Students’ reported their level of buy-in to a discrete set of 16 empirically supported active-learning pedagogies detailed in the scientific teaching taxonomy (Couch et al., 2015) and adoption process model (see Aragón et al., 2016). Activities were selected for inclusion in the protocol based on clarity and relevance to the course. These were broken out along three domains: active learning (e.g., “I answered questions in class using a clicker or other polling method”), assessment (e.g., “I completed supporting activities like worksheets, problem sets, additional reading when assessments revealed a problem area”), and inclusivity (e.g., “I considered the contributions of diverse people and perspectives in the realm of scientific discovery”).
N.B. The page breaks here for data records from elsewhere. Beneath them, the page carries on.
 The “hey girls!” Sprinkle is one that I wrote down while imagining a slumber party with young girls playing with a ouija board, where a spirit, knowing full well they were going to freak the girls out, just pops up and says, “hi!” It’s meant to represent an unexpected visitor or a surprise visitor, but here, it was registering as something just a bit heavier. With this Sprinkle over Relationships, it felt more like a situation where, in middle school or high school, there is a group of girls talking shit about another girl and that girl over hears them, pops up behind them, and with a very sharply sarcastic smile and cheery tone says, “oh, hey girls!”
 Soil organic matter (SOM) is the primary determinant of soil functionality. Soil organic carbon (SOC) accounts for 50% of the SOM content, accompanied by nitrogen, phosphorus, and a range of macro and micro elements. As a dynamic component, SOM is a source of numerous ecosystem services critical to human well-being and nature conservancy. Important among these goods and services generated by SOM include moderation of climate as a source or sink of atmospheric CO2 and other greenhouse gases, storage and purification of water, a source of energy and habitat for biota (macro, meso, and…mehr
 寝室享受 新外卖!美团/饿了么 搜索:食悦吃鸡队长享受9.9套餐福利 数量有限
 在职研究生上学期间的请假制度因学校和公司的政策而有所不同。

For each learning pedagogy, students indicated their level of exposure: “I did this”; “I did not do this”; or “I did this but did not understand it.” Students who indicated that they had engaged and understood any one of the 16 activities (i.e., indicated “I did this” on the exposure measure) were then prompted with a series of statements for each activity and asked to indicate their extent of involvement in each activity using a yes/no answering format. Statements included “I was convinced that this was good” (persuasion); “I did this because I believed it would contribute to my learning in a positive way” (identification); and “I am committed to embracing this as a way of learning” (commitment) (Supplemental Material).
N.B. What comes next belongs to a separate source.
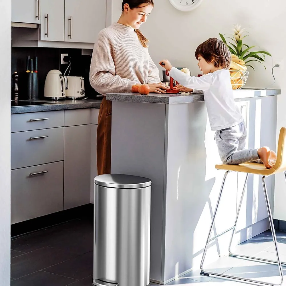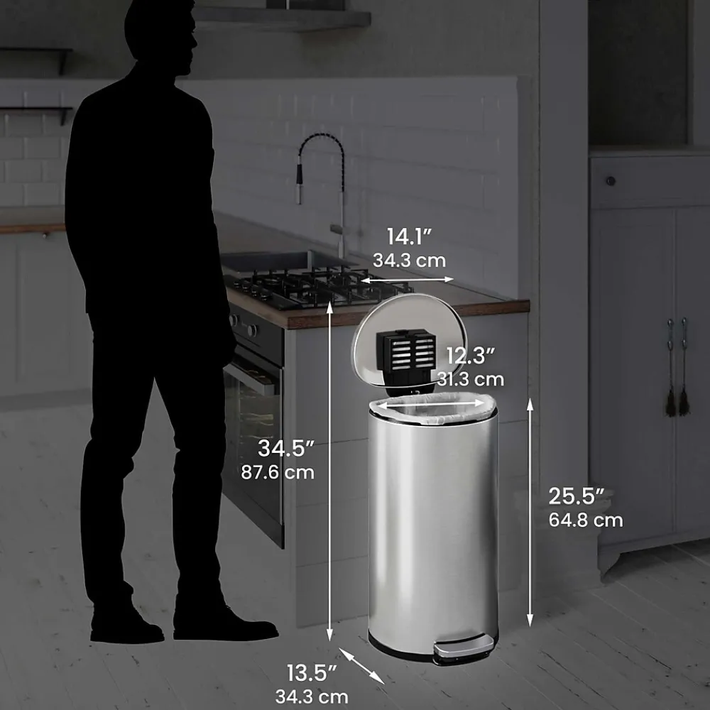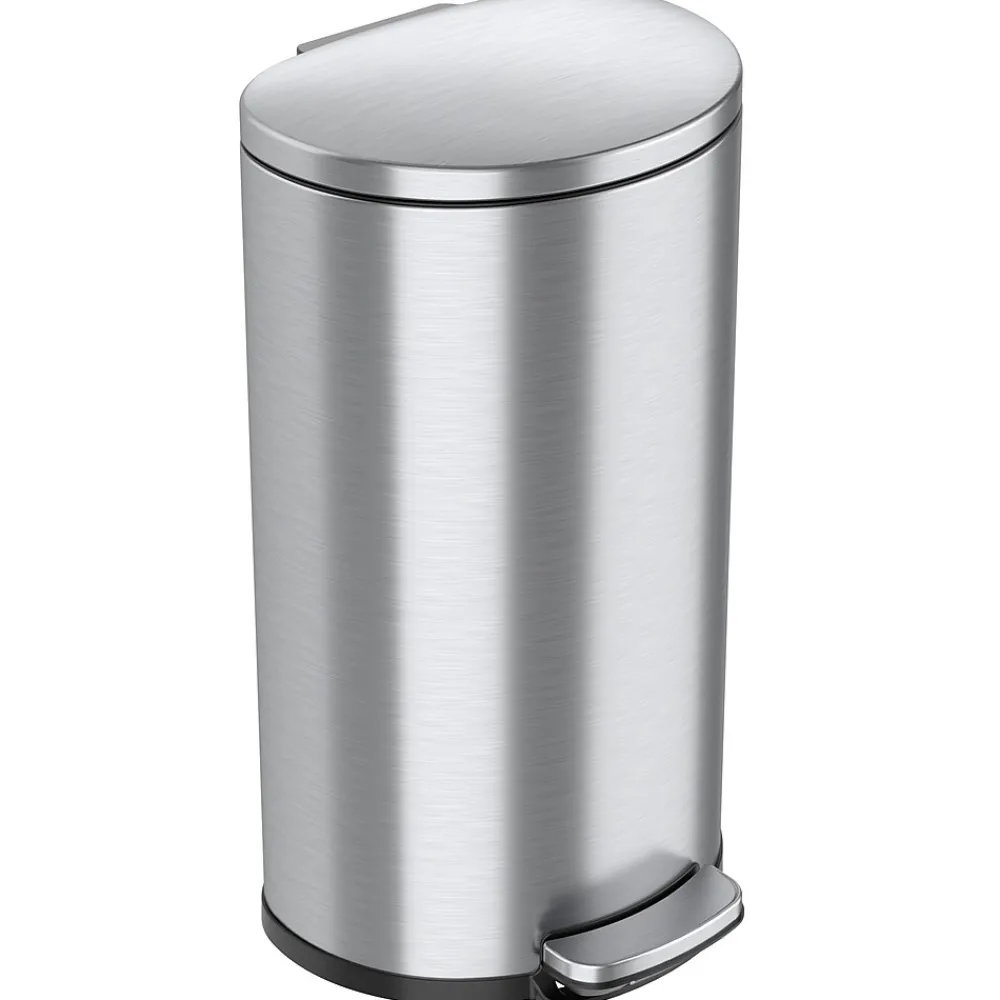 This iTouchless SoftStep trash can features a versatile semiround shape and space-saving design that make it perfect for the kitchen. The can is made of elegant fingerprint-proof stainless steel and comes with an AbsorbX natural carbon odor filter.

An individual sum score was calculated for each of the remaining three EPIC categories (persuasion, identification, and commitment) by totaling “yes” responses to the 16 activity prompts. Sum scores thus ranged from 0 to 16 for persuasion, identification, and commitment. In addition, students endorsed two supplementary statements gauging their motivation for engaging in active-learning activities, namely, “I liked doing this as a way to learn” and “I did this because I had to.” These additional items were not included in the computation of buy-in scores; responses were collected to inform item interpretation.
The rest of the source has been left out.